328790ec713d28 has been successfully stopped
haarolean@haarolean-laptop:[~]$  fly m stop --select -a kapybro
? Select machines:  [Use arrows to move, space to select, <right> to all, <left> to none, type to filter]
> [ ]  328790ec713d28 empty-moon-9164 (stopped, region iad, process group 'app')
haarolean@haarolean-laptop:[~]$ fly m restart --select -a kapybro
? Select machines: 328790ec713d28 empty-moon-9164 (stopped, region iad, process group 'app')
Restarting machine 328790ec713d28
  Waiting for 328790ec713d28 to become healthy (started, 0/1)

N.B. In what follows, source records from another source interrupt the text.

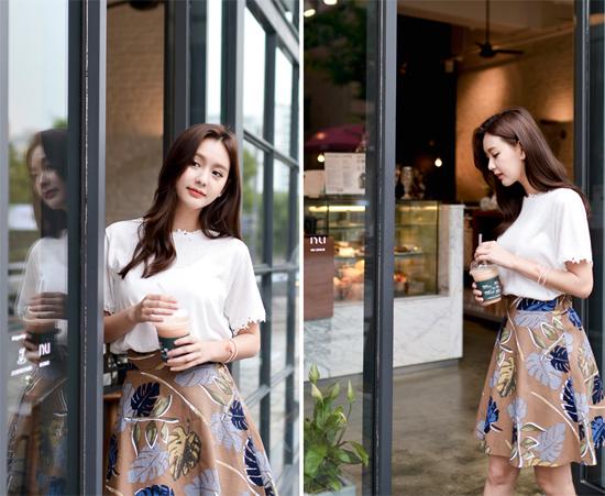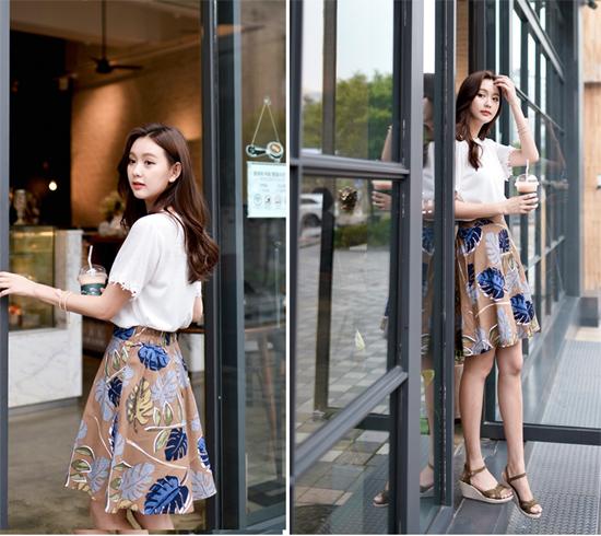 Áo sơ mi và chân váy xòe là hai item luôn có trong tủ quần áo của chị em công sở. Hai món đồ này khi kết hợp với nhau sẽ tạo nên diện mạo nữ tính, thanh lịch và duyên dáng. Một chiếc áo sơ mi trắng chui đầu, chân váy xòe họa tiết hoa lá là gợi ý lý tưởng cho những cô nàng vòng ngực lép, vòng ba nhỏ. Áo trắng có tác dụng tạo nên số đo đẫy đà hơn cho phần trên, trong khi váy dáng xòe sẽ khiến phần dưới của bạn tròn trịa.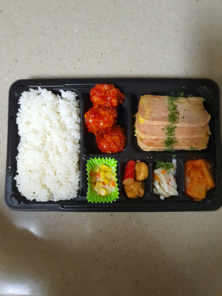 도시락의 구성으로는 밥, 닭강정, 스팸, 감자볶음, 볶음김치, 어묵볶음, 콘샐러드로 이루어져 있어요.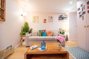Inside, the apartment offers a comfortable living room featuring a flat-screen TV and heating to keep you cozy during cooler evenings. The fully equipped kitchen includes essentials like a toaster and washing machine for added convenience during your stay. A modern bathroom complements the space, with fresh towels and linens provided for your comfort.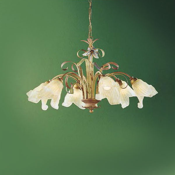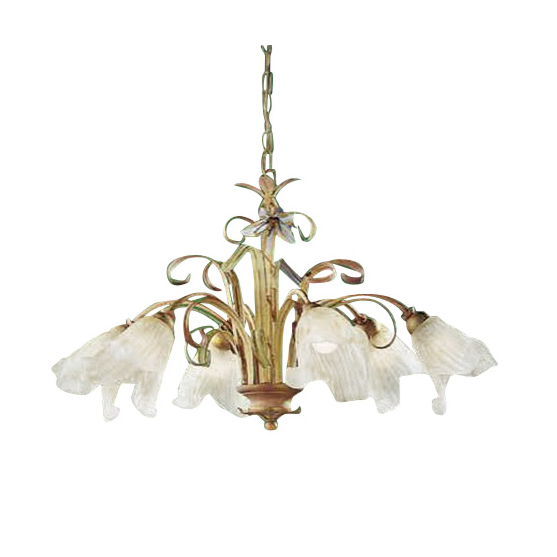 Люстра 6-ти рожковая на металлической арматуре бежевого цвета с зеленой патиной. Структуру украшают декоративные металлические стебли и цветы. Плафоны выполнены из матового стекла белого цвета. Высота светильника регулируется за счет звеньев цепи.

^CReleasing lease for machine 328790ec713d28...
haarolean@haarolean-laptop:[~]$  fly m scale -a kapybro

logs:


2025-12-10T20:30:44Z app[328790ec713d28] iad [info] INFO Sending signal SIGINT to main child process w/ PID 640
2025-12-10T20:30:49Z app[328790ec713d28] iad [info] INFO Sending signal SIGTERM to main child process w/ PID 640
2025-12-10T20:30:55Z app[328790ec713d28] iad [warn]Virtual machine exited abruptly
2025-12-10T20:30:56Z app[328790ec713d28] iad [info]2025-12-10T20:30:56.543026162 [01KC4YY8AC9PBCBPVS7S4GG5CT:main] Running Firecracker v1.12.1
2025-12-10T20:30:56Z app[328790ec713d28] iad [info]2025-12-10T20:30:56.543184099 [01KC4YY8AC9PBCBPVS7S4GG5CT:main] Listening on API socket ("/fc.sock").
2025-12-10T20:30:57Z app[328790ec713d28] iad [info] INFO Starting init (commit: 6f59af0a)...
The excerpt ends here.